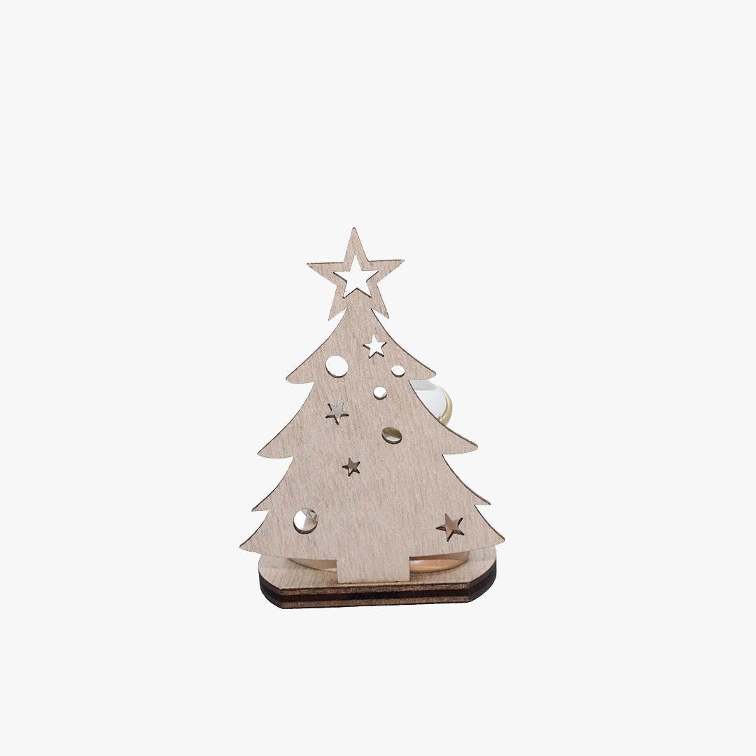 Enfeite em forma de Presépio, com base e árvore em madeira e presépio em marfinite.
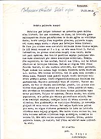 Letter from teacher A. Sveķe to A. Šilde. 15 November 1944.
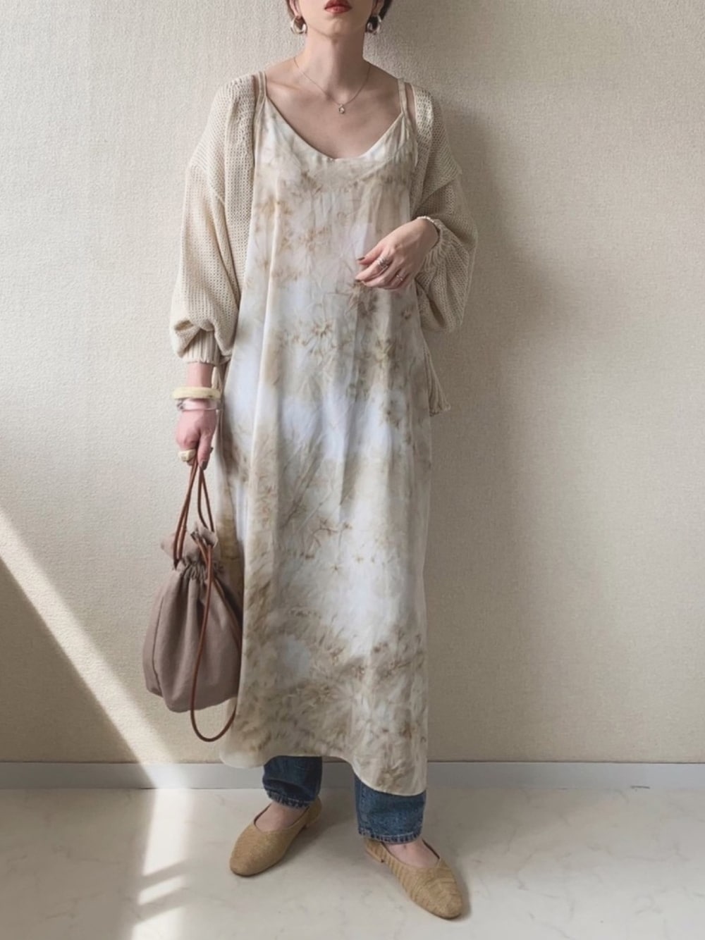 ニュアンスカラーのキャミワンピは ざっくりニットカーディガンを合わせてもかわいいですよ♡ デニム合わせでカジュアルにしました👖
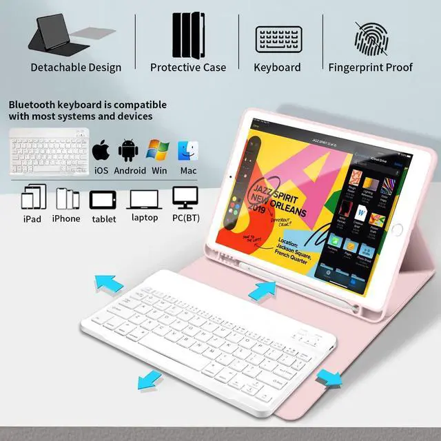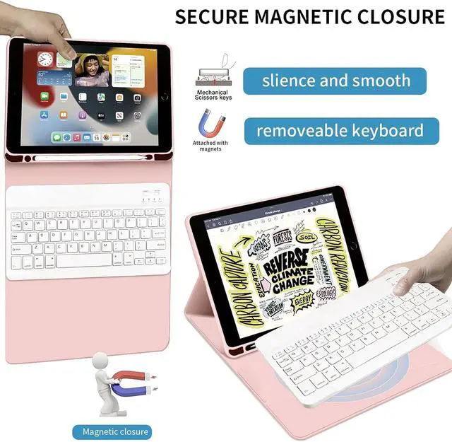 • Slim Wireless Bluetooth KeyboardThe slim (6.2mm) removable keyboard is attached to this iPad 6th generation case with keyboard magnetically (supporting Windows, IOS & Android System), let your iPad instantly become a portable laptop, perfect for working, typing, editing or watching videos, greatly improved your iPad productivity.

----------

» **ACTIVITY**
Only the pictures should be left out; the rest of the material above must be repeated exactly.

» **ANSWER BOX**
 Enfeite em forma de Presépio, com base e árvore em madeira e presépio em marfinite.
 Letter from teacher A. Sveķe to A. Šilde. 15 November 1944.
 ニュアンスカラーのキャミワンピは ざっくりニットカーディガンを合わせてもかわいいですよ♡ デニム合わせでカジュアルにしました👖
 • Slim Wireless Bluetooth KeyboardThe slim (6.2mm) removable keyboard is attached to this iPad 6th generation case with keyboard magnetically (supporting Windows, IOS & Android System), let your iPad instantly become a portable laptop, perfect for working, typing, editing or watching videos, greatly improved your iPad productivity.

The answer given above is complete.